Derleme bir kitap bu, Balıkçı'nın diğer kitaplarından hikâyeler var. Kitaplara girmemiş hikâyeler de var. Balıkçı okumaya başlamak için en uygun kitap bu zannediyorum.
Balıkçı'nın ithafı: "Güney Anadolu'nun o masmavi göğü, menekşe denizi, ışığı ve toprakları; çeşit çeşit ağaçları, yemişler, çiçekler, insanlar, uygarlıklar yetiştirmişti. Bu hikâyeler de, o cennet gibi ellerin, dağ otlarının, kıyılarının, vahşi kayalarının, yıkıntılarının ve açık denizlerin ürünüdür.
Hepsini yine onlara adıyorum."
Knidos Afroditi: Mitolojiyle kurmacanın iç içe geçtiği bir hikâye. Bir heykelin, bir tanrıçanın izi sürülüyor ve tanrıçanın uygarlıklar arasında yaptığı yolculuk anlatılıyor. Bir de kent var, Knidos. Kaç bin yıl önce ortadan kalkmış bir hayal şehir.
"Zavallı Knidos!.. Bütün tayfayla birlikte ona denizden çınlayan bir 'merhaba!' yolladık... İki bin yıl önce ölen kent duydu mu acaba?" (s. 25)
Yedi Adalardaki Balık Bankası: Bir balık macerası ve Ege'ye güzelleme. Anlatıcının ortaya koyduğu para kadar balık tutamaması üzerine balıkçı arkadaşlar tuttukları balıklarını anlatıcıyla paylaşır, anlatıcı balıkları kimin verdiğini sorar ve cevap alamaz. Gülüp geçerler. Balıkçılar arasında böyle bir ilişki var.
"Aradan on yıl geçti. Balıkçı arkadaşların yarısı öldüler, bazıları da boğuldular. Denizde gece yıldızlara bakarım. Çünkü, balıkçı arkadaşlarımın her biri, gökte birer yıldız oldular.
Onlar hayatta iken onlara kılavuzluk etmiş olan kutup yıldızının çevresinde kayıklarını sürüyorlar.

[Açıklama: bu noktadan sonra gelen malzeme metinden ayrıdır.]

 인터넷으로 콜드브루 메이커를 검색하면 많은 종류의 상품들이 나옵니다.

Onun için, yıldızlar birbirleriyle konuşurlarken dinlerim..." (s. 33)
Güzelliğe bakar mısınız? Şahane.
Ege'nin Öfkesi: Mahmut namlı dayımız bir foku öldürüyor, sonra deniz Mahmut'u öldürüyor. Gaia Bacı'ya çok selamlar.

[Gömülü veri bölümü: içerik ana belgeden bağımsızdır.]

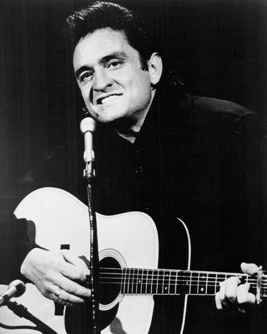 Johnny Cash in concert playing guitar late 1960's 8x10 inch photo

Halikarnas: Balıkçı vapuru kaçırınca bir sonraki vapur için iki saat beklemek zorunda kalır. Beklemez, antik kenti dolaşmaya çıkar. Yine Helenler, Poseidon, kent ve güzellikler.
"Kenti yapan mimar değil ışıktır, mavi gök ve mavi denizdir. Meltem mavisi, Ege mavisi. Bununla birlikte insan, 'acaba deniz mi kentin güzelliğini süslüyor, yoksa kent mi kıyısıyla denizi süslüyor?' diye düşünüp şaşıyor." (s. 42)

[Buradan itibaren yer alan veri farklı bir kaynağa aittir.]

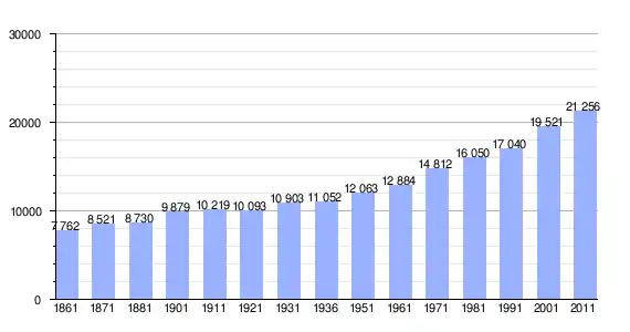 | Variação demográfica do município entre 1861 e 2011[3] |

Altmış Altı Bükün Oynadığı Oyun: Ya bu Afrodit'in aşık olduğu bir genç vardı, o da ya sulardan çıkıyordu, ya da suya çekiliyordu. Aynı olayın insanlısı. Ahmet, altmış altı bükü dolanıp sünger ararken denizden çıkan bir kızla karşılaşır, aşık olurlar ve Ege'nin büyülü güzelliğinde yaşarlar, ortadan kaybolmuşlardır tabii. Böyle hikâyelerini seviyorum Balıkçı'nın, efsaneyle gerçek arasındaki çizgi çok ince. Gerçi birini diğerinden ayıran sadece zamansa hangisi daha gerçektir, bilmiyorum.
Ege'nin Dibi'nde önceki kitaplardan bildiğimiz Ege insanı var. Haksızlıklara karşı mücadele, doğayla uyum sağlama uğraşları, insanoğlunun hayvanlığı, güzel tarafları. Bu tarz şeyler.
Merhaba Akdeniz'de Balıkçı'nın meşhur öyküleri var, mesela Gündüzünü Kaybeden Kuş. Mesela Kancay. Bu hikâyeler olmasa Balıkçı, Sait Faik'e iyice yaklaşmış olurdu, veya tam tersi. Bunlar fark yaratıyor, çünkü Anadolu insanının Anadolu toprağındaki mücadelesine böyle tanık oluyoruz. Sait Faik Anadolu'yu bilmediğini, dolayısıyla Anadolu insanını yazamayacağını söyler mesela. Fark burada.
Neyzen: Büyülü gerçekçiliğin bayrağı bu dört sayfacık hikâyede şevkle dalgalanır. Neyzen Tevfik'in Mesnevi'yi bellemesi, neyle tanışması... Nefis.
Sonraki öykülerde kayığın insanlar gibi konuşup anlaşabildiğinden tutun, denizle mücadelenin yine deniz sevgisinden kaynaklandığına kadar bir dünya olay ve doğayla bütünleşmiş insanlar var. Balıkçı'nın hikâyelerinde nerede olursanız olun, size doğru esen Ege rüzgarını hissedersiniz. Hayırlı imbatlar, lodoslar.